Largay was last seen early in the morning of July 22, 2013, at Poplar Ridge lean-to. It is a trail shelter between Saddleback Junior mountain and Poplar Ridge. She was reported missing on July 24 by her husband when she failed to meet him at a prearranged point on Route 27 in Wyman Township.

“That Largay search, that’s got a lot of game wardens scratching their heads on that,” Hammond said. “That section from Route 4 to just over in Redington, I doubt there’s a person alive that’s hiked that as much as I have….I can’t even fathom a guess as to where she is.”

Hammond, who was named Maine’s top warden for 2007, said he decided to retire “because everything in law enforcement is changing.”

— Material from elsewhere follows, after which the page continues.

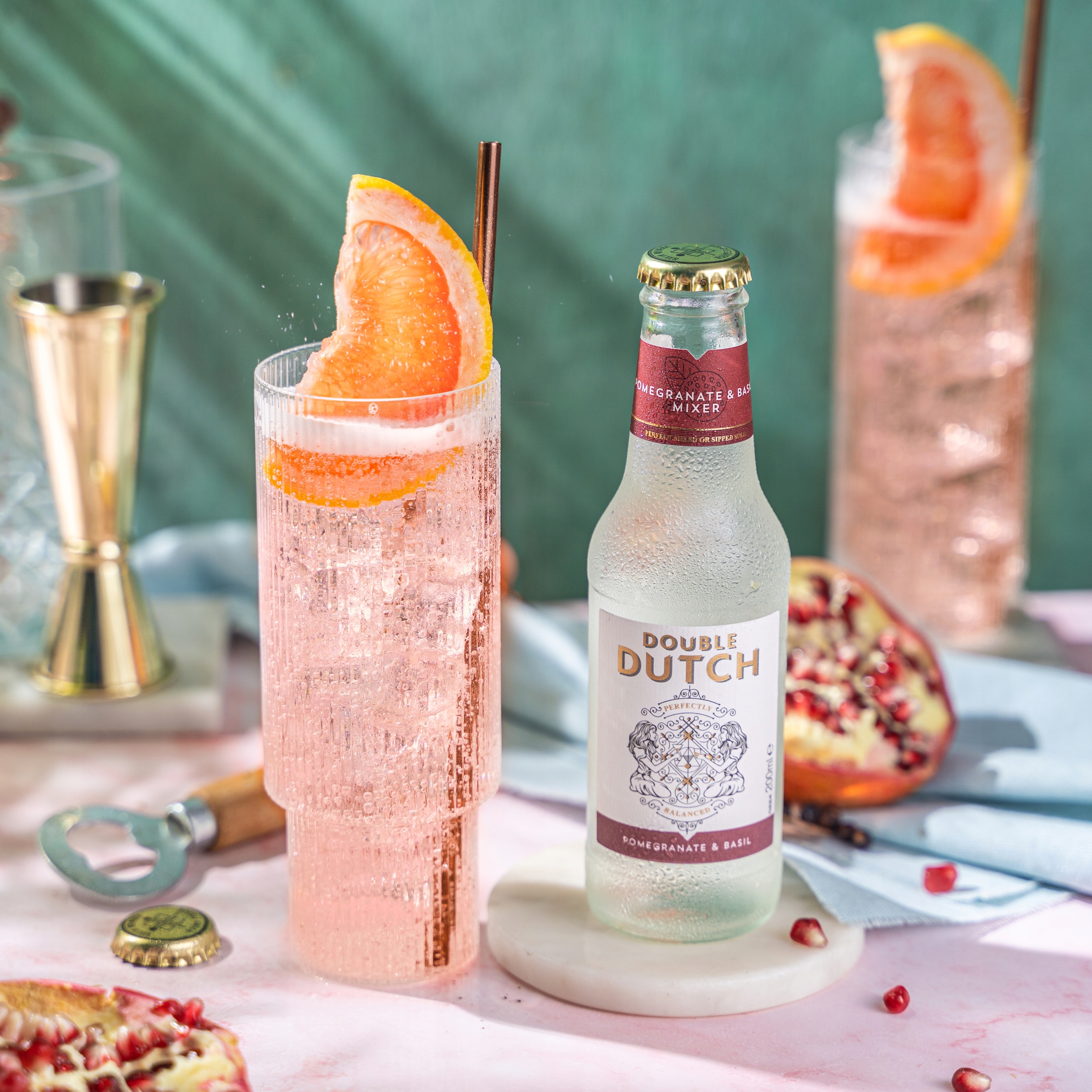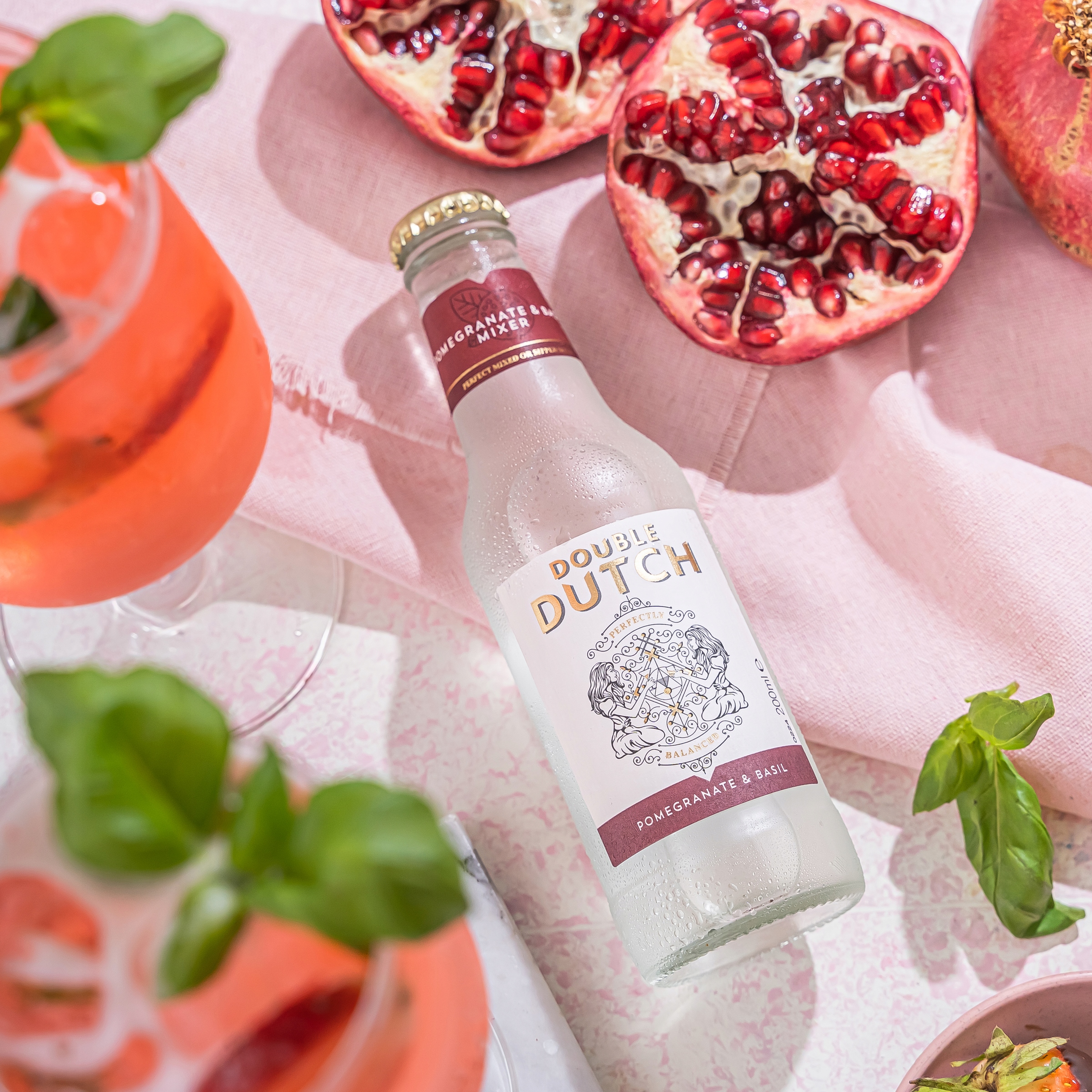 Мрієте про коктейль, який порадує вас своїм неповторним смаком і принесе у ваш келих свіжість грецького літа? Double Dutch Pomegranate & Basil — це поєднання солодко-терпкого граната та трав’яного базиліка, що створює унікальний, багатовимірний смак — ідеальний як для класичних, так і для оригінальних коктейлів.

“It’s just a different ballgame than it was 25 years ago,” he said. “The stuff we encounter in the fields now and the attitude from different people, our department is changing, the administration is changing, everything is just changing and I don’t adhere well to change. … If you want to be effective, it really is a young person’s job.

“I like to think I was very passionate about this job. It’s been a spectacular career and I’d never change it for anything in the world,” Hammond said.